Practice Quiz 2 Solutions
Not very effective.
Strengths: Random sample of constituents
Weaknesses: Sample size is too small so the margin of error is too high for this tight race (with high confidence the sample mean error for a proportion is on the order of \(1/\sqrt{n}\), and we need an error less than \(500/100000\), so we require a sample size of \(n\) on the order of \(10,000\)). There is survey response bias and the race is constantly evolving so responses obtained by the survey may change between now and the election.
Proposed changes to make more effective: ideally collect a much larger sample size to mitigate some of the issue raised in the weaknesses section.
Effective.
Strengths: Random treatment assignment, being told of good exam score is a straightforward way to induce a good mood, willingness to help clean whiteboard is easy response to measure.
Weaknesses, proposed changes: none of note.
Not very effective.
Weaknesses: The treatment is not randomly assigned, the demographics of the audience at each stop can be totally different and delivery of the speech may differ from stop to stop. Due to crowded behavior, positive or negative reception of the speech can be amplified.
Proposed changes to make more effective: Make this a randomized experiment by randomly assigning speech versions across many similar audiences and measuring outcomes consistently (e.g., applause duration, follow-up engagement).
Practice Quiz #3#
In each of the following experiments (a) list the strengths and weaknesses of each experimental design, (b) state whether you think the experiment will be effective at answering the experimenters’ question, and if not, suggest an alternative design that would be more effective.

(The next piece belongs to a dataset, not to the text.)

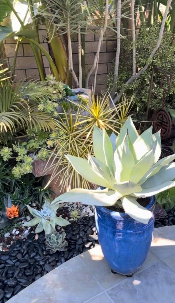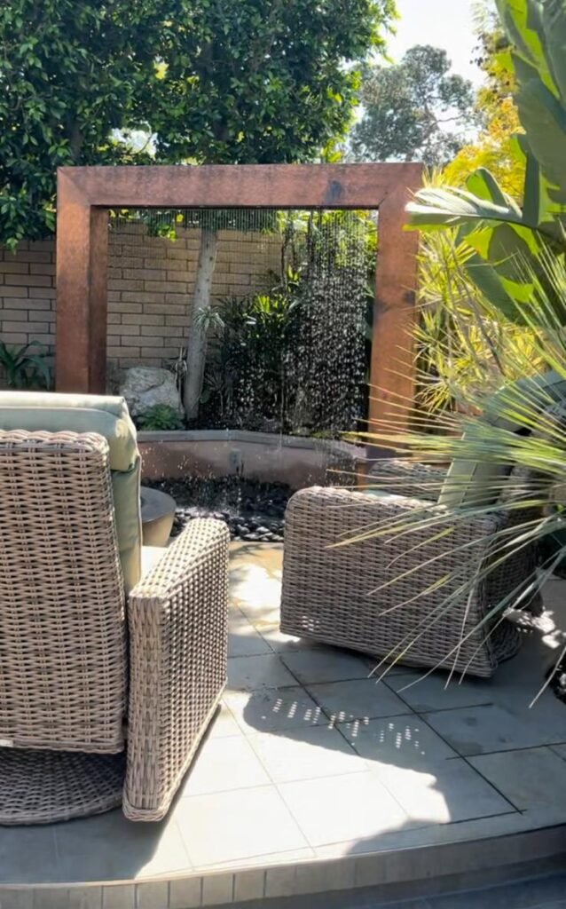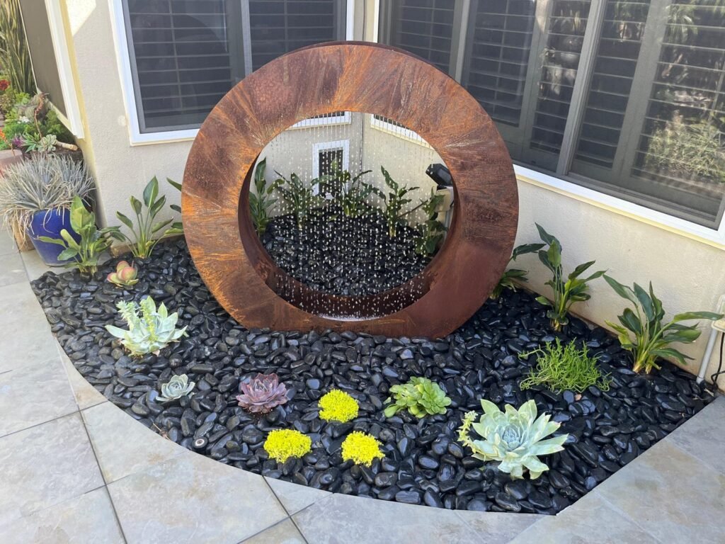A carefully curated palette of semitropical, drought-tolerant plants, paired with the gentle sound of flowing water, creates an inviting environment ideal for quiet reflection or intimate gatherings. A custom firepit crafted from treated concrete adds a striking fire-and-water element, complemented by a dramatic rain curtain feature—evoking the feeling of a true oasis under the stars.

A team of medical researchers is trying to determine which dosage of blood thinner is most effective at preventing strokes in heart disease patients. They run a randomized trial across ten hospitals in ten large US cities. Within each hospital, every patient is assigned randomly in a double-blind manner to either dose A or dose B, and the number of strokes in each group is tracked over a 5 year period.

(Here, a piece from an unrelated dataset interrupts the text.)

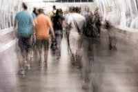 Deze foto is in de metro van Tsjechië gemaakt. doordat het beeld vaag is suggereert het snelheid. De mensen haasten zich om naar huis of werk te gaan.
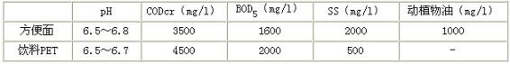 廢水來源為:方便面生產(chǎn)廢水:100 m3/d;飲料(PET)生產(chǎn)廢水:300 m3/d;員工生活污水:150 m3/d。設(shè)計廢水水量為600m3/d。

A city is trying to determine what the best strategy is for decreasing auto break-ins. The city council decides to increase police patrols in the problematic areas and see if the number of break-ins decreases.
A health advocate is trying to determine whether caffeine consumption causes negative mental health outcomes. The advocate conducts a survey of \(10,000\) randomly chosen U.S. adults, and asks each of them about (1) their caffeine consumption habits and (2) their mental health.
Practice Quiz 3 Solutions
Effective
Strengths: Randomization within hospitals, double blind design prevents biases, study performed across 10 large hospitals increases robustness, long followup period of 5 years.

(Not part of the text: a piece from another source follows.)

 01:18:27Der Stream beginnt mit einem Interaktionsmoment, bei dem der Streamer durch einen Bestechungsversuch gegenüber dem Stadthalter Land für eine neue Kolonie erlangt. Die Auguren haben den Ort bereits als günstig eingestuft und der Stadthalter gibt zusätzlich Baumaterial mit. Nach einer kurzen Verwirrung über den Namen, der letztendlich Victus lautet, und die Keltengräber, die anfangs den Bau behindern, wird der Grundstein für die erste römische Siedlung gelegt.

Weaknesses: Does not account for confounding variables in the respective patient populations, patients can drop out of study in 5 years
Proposed changes to make more effective: within-hospital randomization done separately per hospital to control for potential systematic differences in patient demographics.
Not very effective.
Weaknesses: No randomized treatment, there is no clear measurement, no way to address confounding variables.
Proposed changes to make more effective: Create a randomized treatment by assigning (randomly) some high crime areas to increased patrol and others to the status quo.
Not very effective.
Weaknesses: Adults are randomly selected to answer survey but this has nothing to do with randomly assigning a treatment. There is no mention of confounding variables (eg. stress, work habits, lifestyle, etc.) There is self-reporting bias in survey results. Cannot establish causal relationship from observational study.
Proposed changes to make more effective: Randomize treatment by assigning people to reduce caffeine intake (and others to have a specified non-reduced amount of caffeine).